July 26, 2010

The Electrics

As you would expect, voltage is different here. All outlets are 240 volts. Given how careful I am at home with my one 220V outlet for the stove, having 240V outlets everywhere is downright scary. The professor warned I should be incredibly careful – a misstep with a 240V outlet could take off a finger or two. Actually, his statement was, “be sure you don’t get a finger under there or you could lose it just like that – kerplat! and it will be gone!” Given that my heart might stop in the midst of such a misstep, fingers evaporated off my lifeless corpse might be the least of my worries.

We’re living at what is called Poly Heights on the Polytechnic campus. It’s a 12-story apartment building right inside the main gate. Each flat (apartment) has its own breaker box. I became acquainted with ours when all the electricity to the flat went out shortly after we moved in. Building maintenance sent a gentleman over to turn it back on. I watched in case I had to know this stuff.



First, you turn the switches off for the lights, the plugs, the stove, and the geyser. Then you turn the heavy duty main switch back on.



If nothing sparks at that point, you turn the lights, plugs, stove, and geyser back on.


Good thing I memorized that procedure. More blackouts followed.

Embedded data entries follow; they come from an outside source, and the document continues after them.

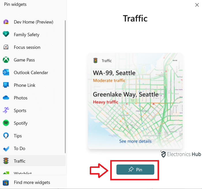 - Once the Widgets panel opens, you can access any built-in Widgets that are already installed by Windows OS, such as Weather, Traffic, Calender, etc. Along with that, you can add any other widgets by downloading them from Microsoft Store.
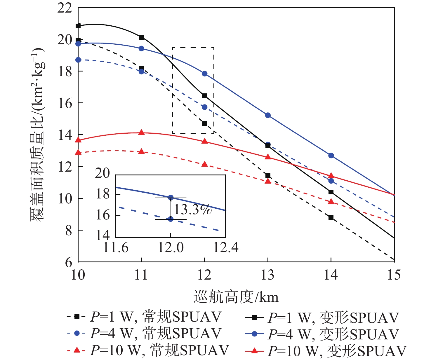 高空太阳能无人机(SPUAV)平台在充当空中基站增强、补盲偏远地区、灾害应急、远程中继通信方面具有其他平台难以比拟的优势,但太阳能无人机设计域狭窄,需要综合考虑载荷约束和无人机平台特点耦合设计。重点考虑通信任务与平台能量的双重约束,设计一种构型可变的太阳能无人机平台,研究其总体方案设计与优化,使太阳能无人机在满足24 h能量闭合前提下能够最大化覆盖通信范围。通过建立通信、太阳辐照、质量预测等模型,设置能量平衡约束与通信约束条件,建模优化问题,进而设计启发式算法的全局优化框架。仿真分析结果表明:可变构型下的总体方案与常规构型相比能够显著减少总质量,特别是在高空重载的状况下能够提高整体方案的效用,仿真条件下总质量节约13.3%;通信载荷规格的提高及巡航高度的增加能够增加中继通信覆盖范围,但是需要以平台总质量增加作为代价;硬件设计方案一定时,选定低巡航高度可以使通信覆盖效费比更高。
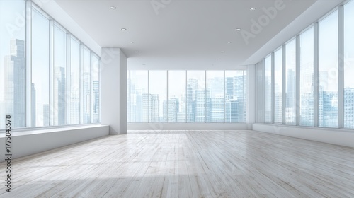 modern, office, space, empty, interior, design, light, bright, room, building, architecture, window, city landscape, skyline, view, urban, corporate, business, workspace, nobody, rendering, illustration, clean, simple, contemporary, real, estate, commercial, property, investment, background, panorama, structure, indoor, apartment, loft, showroom

Not until the toaster actually sparked did we deduce it was the culprit causing the blackouts. During the blackouts we became comfortable with managing the breaker box. Somehow the straightforward switches in the breaker box seem less threatening than the actual outlets in the flat.



These little babies actually have switches on them to turn on and off the flow of electricity. These are worrisome outlets since those holes are exactly the size of a toddler’s fingers. I’ve yet to see a fingerless toddler so there must be some mega-sturdy baby-proofing systems out there. Even the husky constitution of the plugs gives you pause for thought.


They wouldn’t make them that substantial if they didn’t have to carry so much voltage. According to the professor, the correct finger-sparing procedure should be: turn off the switch, plug everything in, then turn on the flow of electricity with the switch. This also doubles as the cell phone and laptop-sparing procedure, so you can bet I follow it.

There is only one outlet per room so it seems to be commonplace to use multi-outlet extension cords. This is the one that came with the kitchen.


It has the microwave, stove hood, and new toaster plugged into it. I finger-sparingly unplug the toaster to plug in the washer.

It worries me a bit to have so many things plugged into the multi-plug extension cords. However, once we replaced the toaster, it does seem our system easily handles all the stuff that’s plugged in throughout the flat. We’re counting on that now that we’ve added a new iPod player to the electric mix. Just working on our laptops at the flat can make it pretty quiet in here. It’s good to have some musical company.


Oh, yes….you wanted to know what the geyser is.
Simple–it’s the electric hot water heater that is mounted against the wall just above the refrigerator.


If the geyser ever leaks onto the 240 volt refrigerator outlet, caution against finger loss becomes a superfluous consideration.

2 comments:

  1. Glad to see you made it there safely ...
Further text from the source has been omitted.